*** Opening of AVAILABLE DATA ***
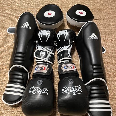 Potkunyrkkeily setti eli venum jalkasuojat ihan uudessa kunnossa pari kertaa käytetty ja sit outshock 14oz nyrkkeily hanskat ja sit fight naamasuoja. Hinta ei kiveen hakattu mutta hyvä setti ei hirveesti käytönjälkiä. Vain nouto!
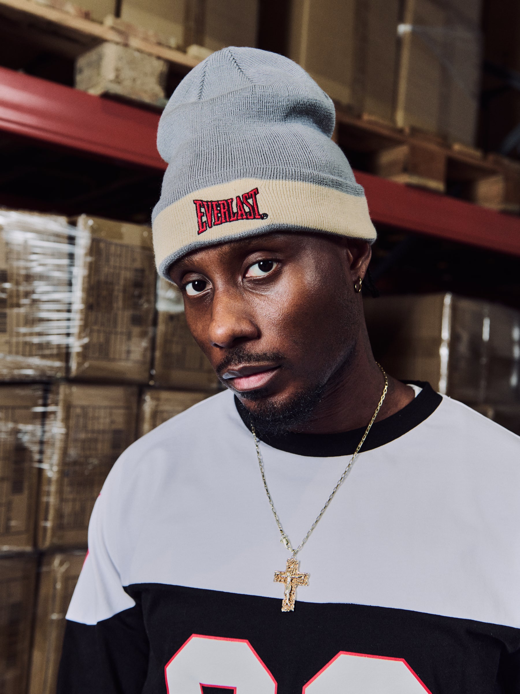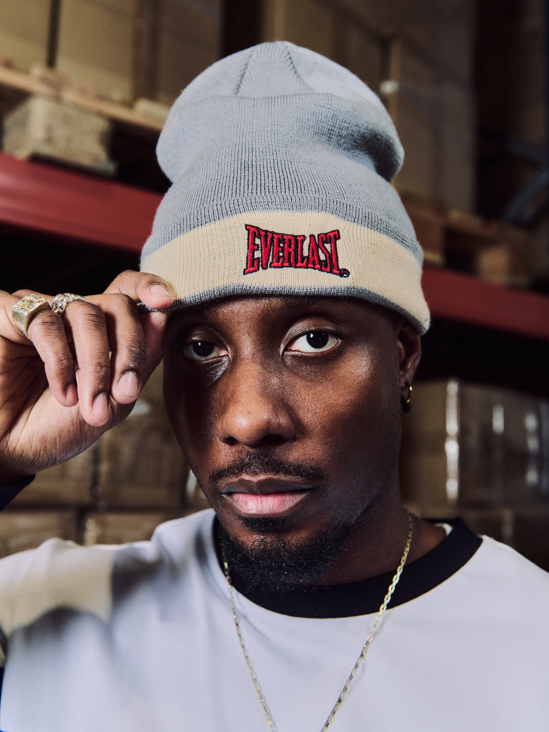 The “Knock Out Beanie” is a knitted beanie with a fold-up cuff, finished with a front logo detail and a clean, minimal look.
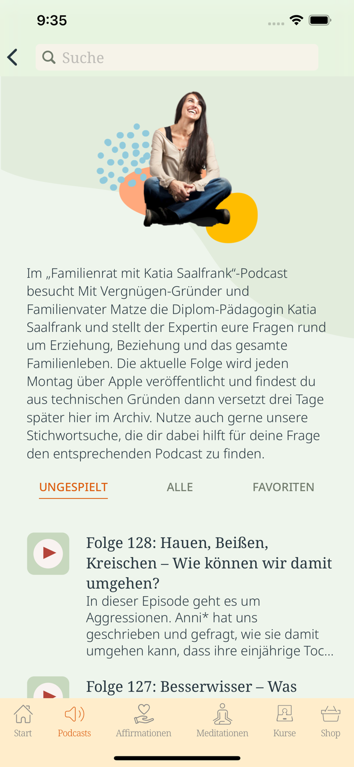In dieser App von Katia Saalfrank findest du ausgewählte und von Katia selbst erstellte bindungs- und beziehungsorientierte Inhalte (Hördateien, Meditationen, exklusive Podcasts), die dir helfen, in Verbindung zu dir selbst und deinem Kind zu bleiben und dich bei der Gestaltung einer konstruktiven Beziehung unterstützen. Die wertvollen Inhalte in der App werden laufend ergänzt, so dass du immer wieder neuen Content von Katia finden wirst. Die App ist auch interaktiv angelegt, du kannst dir z.B. Affirmationen in dein Familienleben schicken lassen. So ist die App für DICH mit viel Liebe zum Detail gestaltet und voller Hingabe mit wertvollen Inhalten gefüllt.
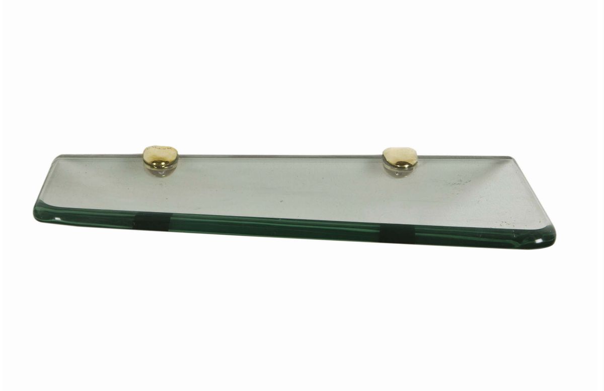 Mensola in cristallo di forte spessore con supporti in fusione di ottone. Prod. Fontana Arte, Italia, 1950 ca. cm 60x24
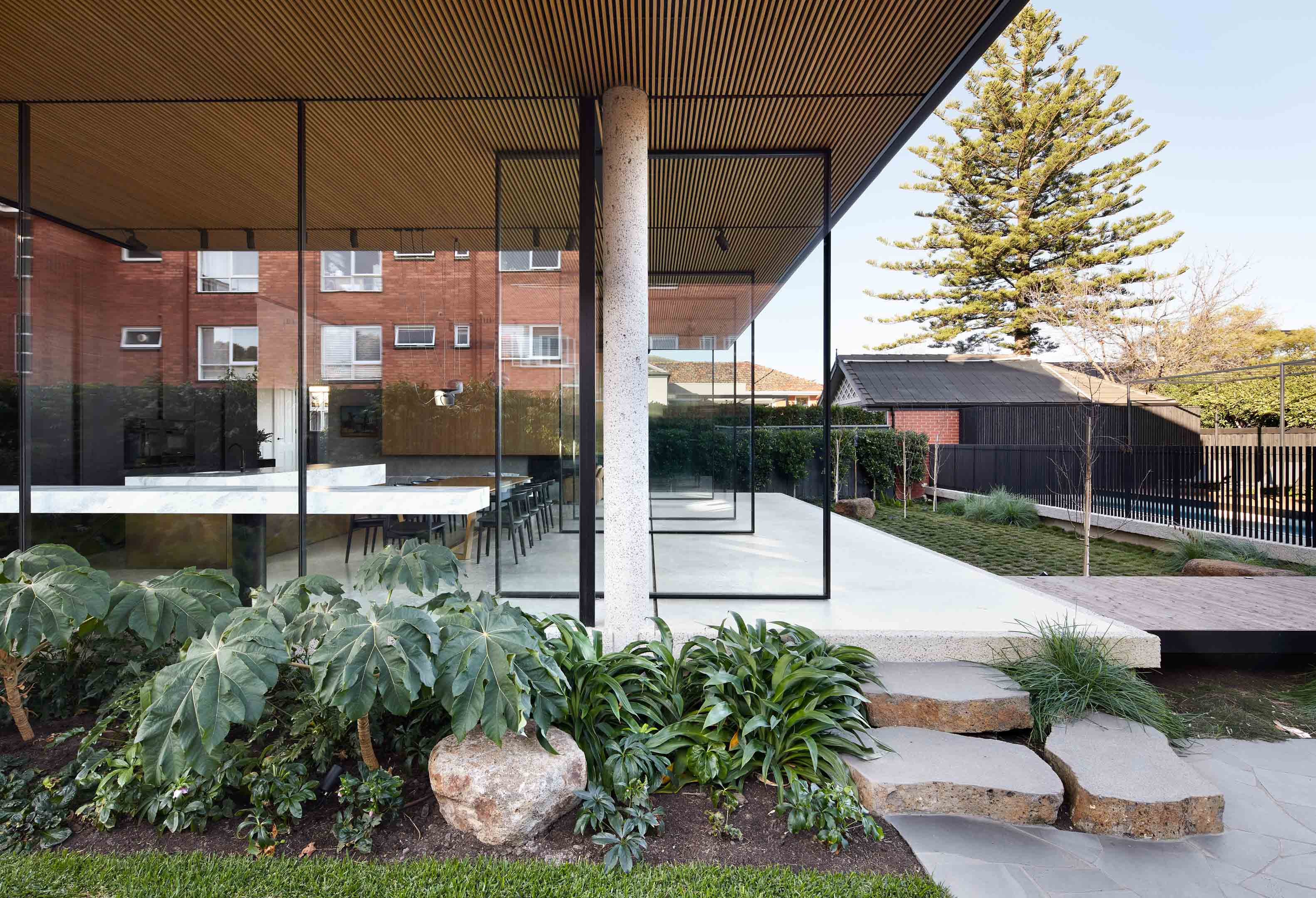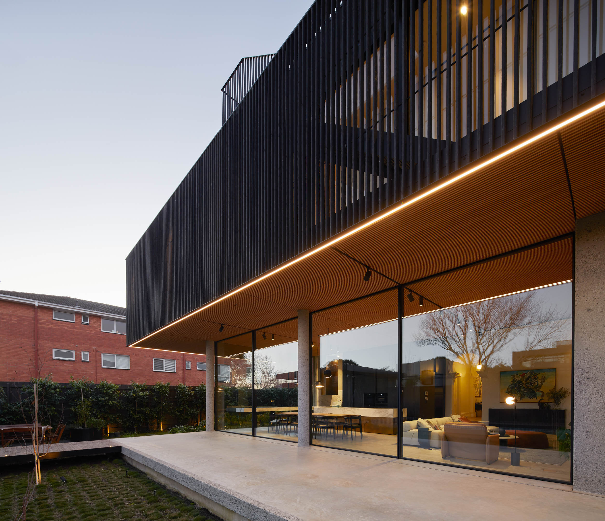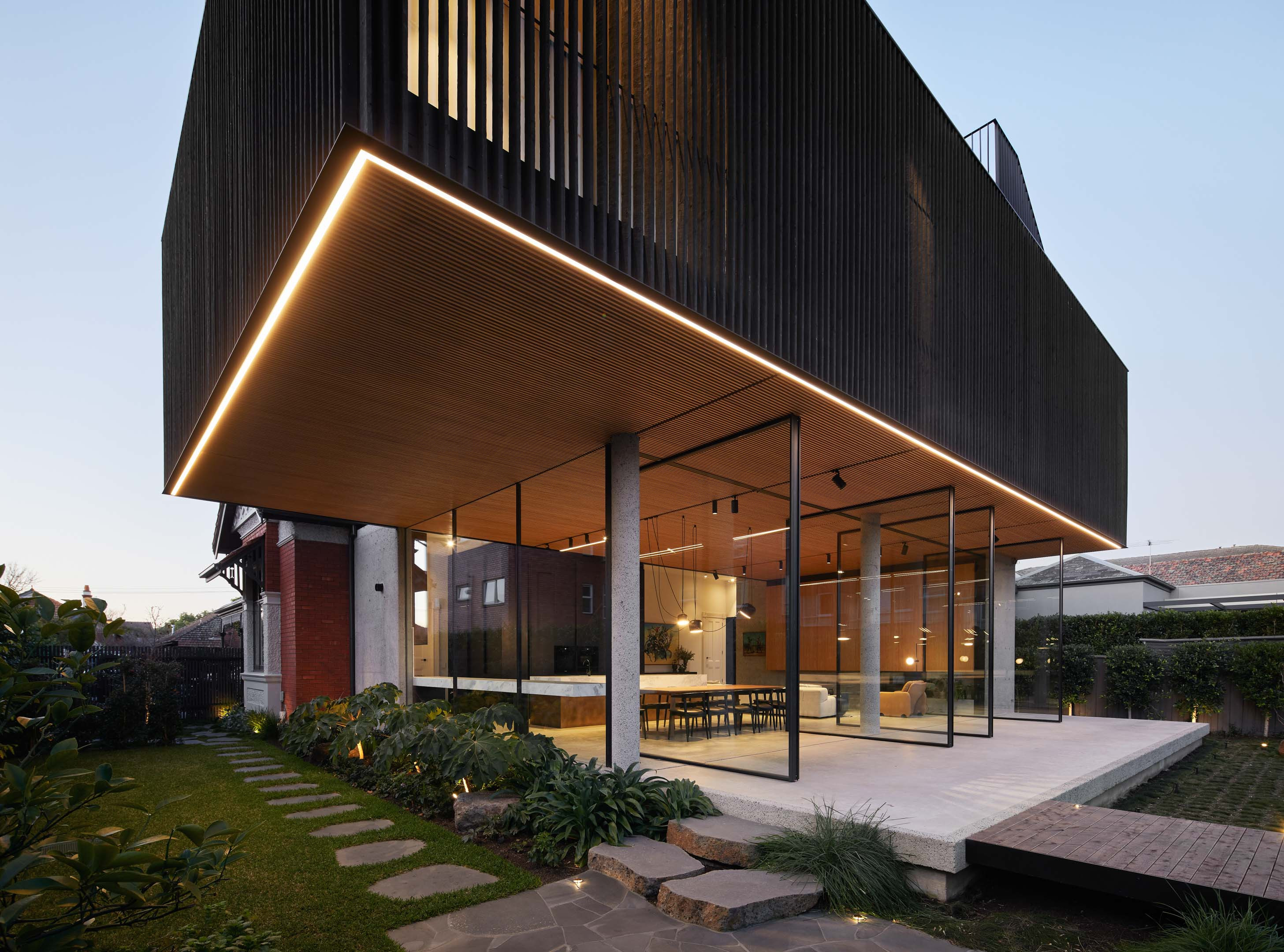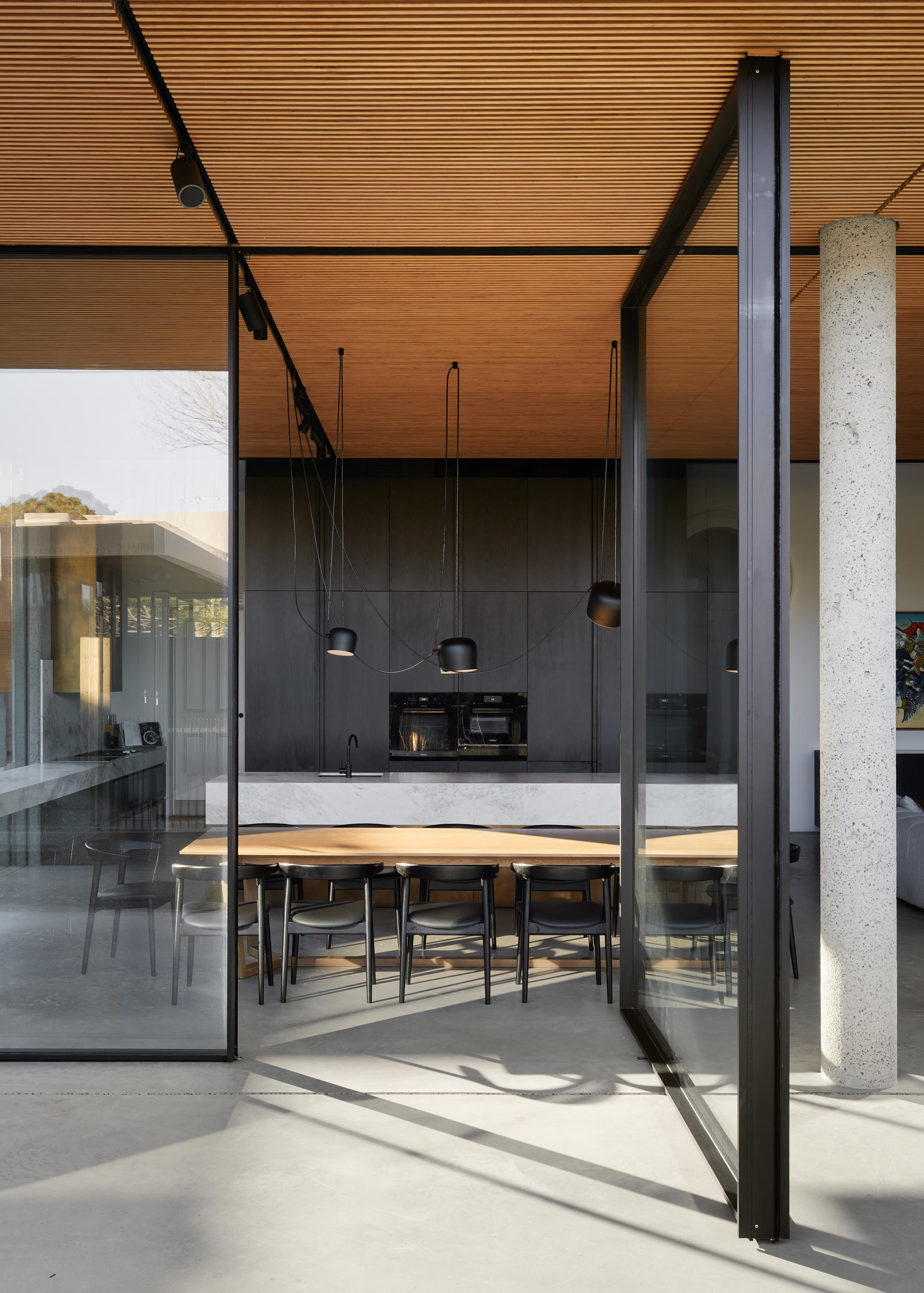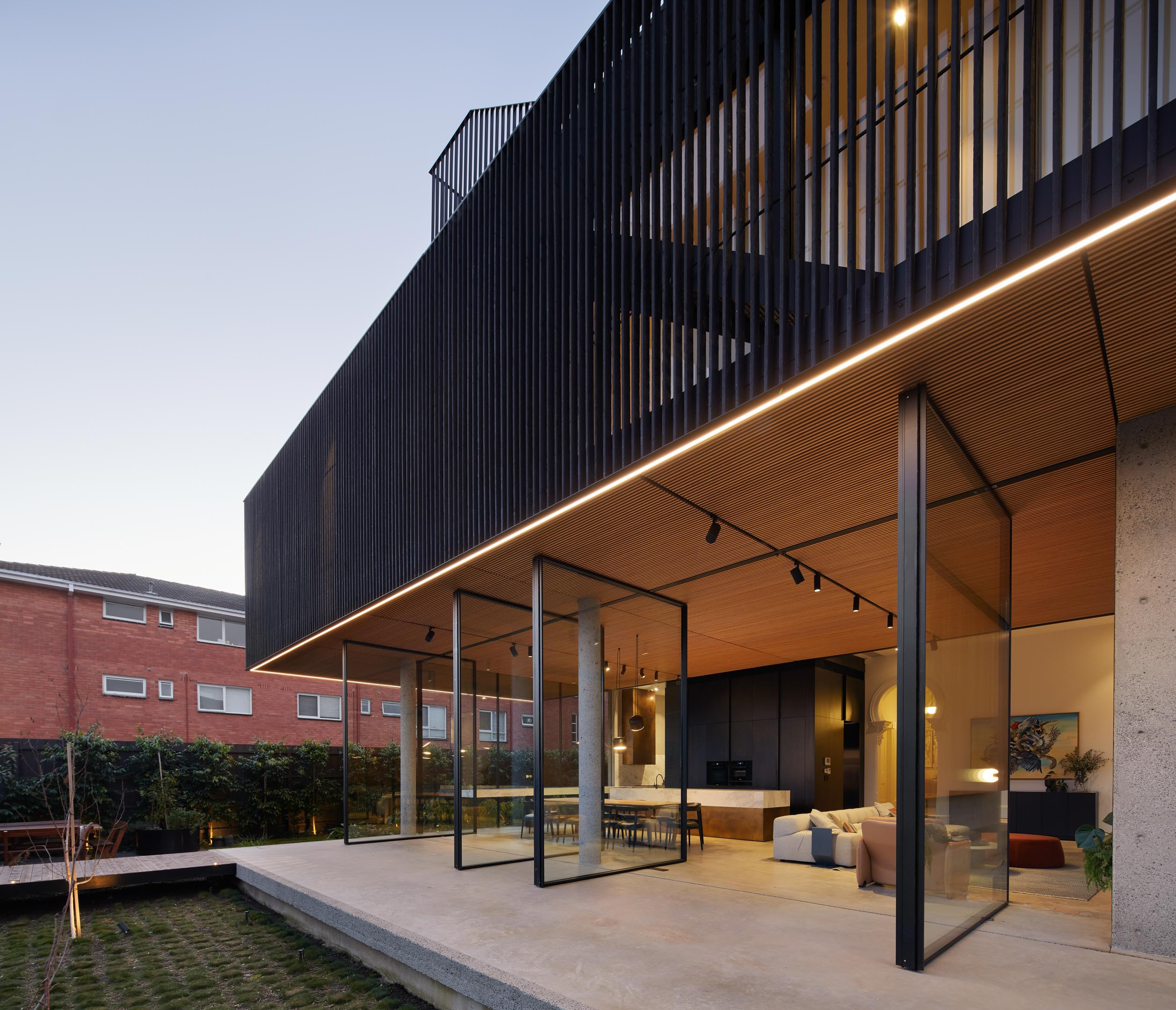 For this project in Hawthorn, Victoria, the use of large Pivot doors maximises the opening onto the backyard.
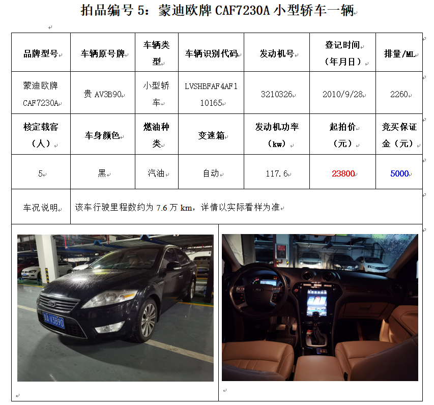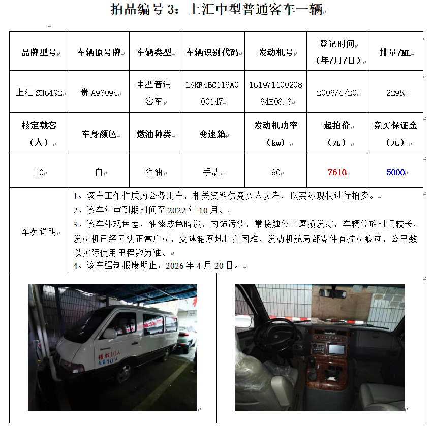 獵豹牌CFA6501AA小型普通客車1輛、江淮牌HFC6470A4R3BE3小型普通客車1輛、上匯SH6492中型普通客車1輛,別克牌SGM6529ATA小型普通客車1輛,蒙迪歐牌CAF7230A小型轎車1輛,共計5輛。
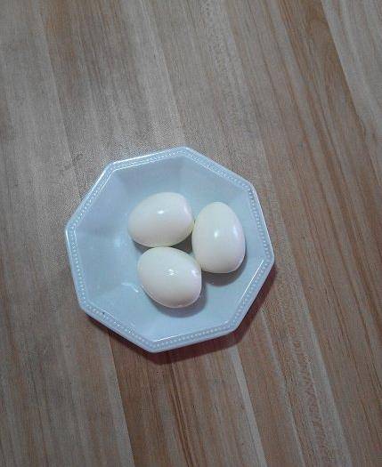 先把雞蛋煮熟,過涼水後剝殼備用。
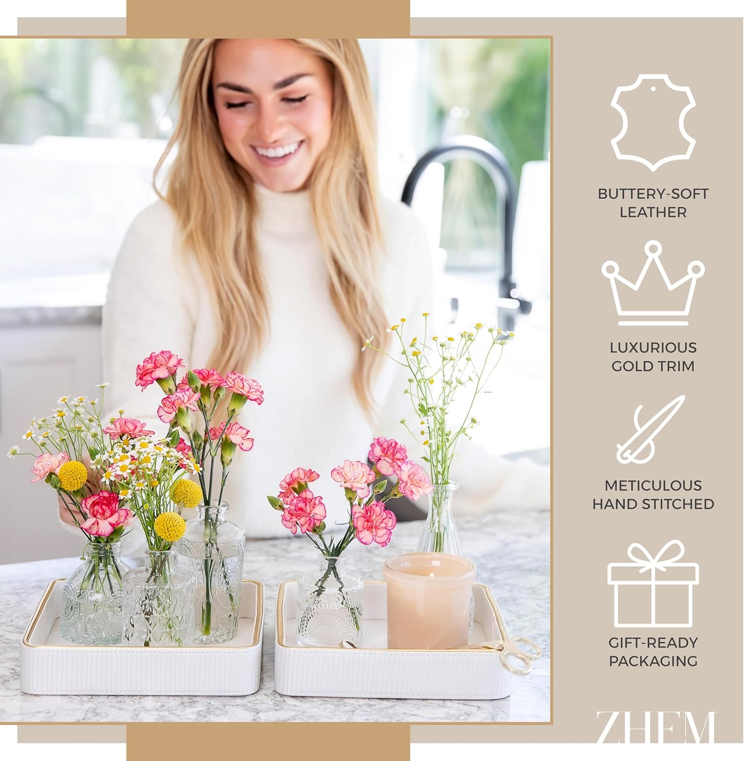 - ๐ Melds with Your Interior Decor: Offered in timeless white and gray colors, our dump tray embraces versatility; This decorative vanity tray for nightstand, sleek gold trim desk organizer, stylish vanity trays for bedroom dresser, and elegant tray for dresser top will slip effortlessly into your existing home, adding a touch of refinement that complements your style. Whenever you consider upgrading your bedside decor, a decorative vanity tray, keys tray, or tray for keys, ZHEM brand is an excellent choice for you.
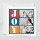 Cette carte de vacances photo est dotée d'un cadre photo couleur vive avec une combinaison de couleurs rouge, bleu marine et orange et la joie d'inscription. Le côté arrière de cette carte présente une bande rouge et bleu marine. Téléchargez vos photos préférées, signez votre nom de famille et vous avez terminé ! Envoyez cette carte postale brillante et spectaculaire à vos proches.
*** Close of AVAILABLE DATA ***
Starting with the line that contains "- ๐ Melds with", repeat each line exactly until the listing ends, including the last one. Leave pictures out.

 - ๐ Melds with Your Interior Decor: Offered in timeless white and gray colors, our dump tray embraces versatility; This decorative vanity tray for nightstand, sleek gold trim desk organizer, stylish vanity trays for bedroom dresser, and elegant tray for dresser top will slip effortlessly into your existing home, adding a touch of refinement that complements your style. Whenever you consider upgrading your bedside decor, a decorative vanity tray, keys tray, or tray for keys, ZHEM brand is an excellent choice for you.
 Cette carte de vacances photo est dotée d'un cadre photo couleur vive avec une combinaison de couleurs rouge, bleu marine et orange et la joie d'inscription. Le côté arrière de cette carte présente une bande rouge et bleu marine. Téléchargez vos photos préférées, signez votre nom de famille et vous avez terminé ! Envoyez cette carte postale brillante et spectaculaire à vos proches.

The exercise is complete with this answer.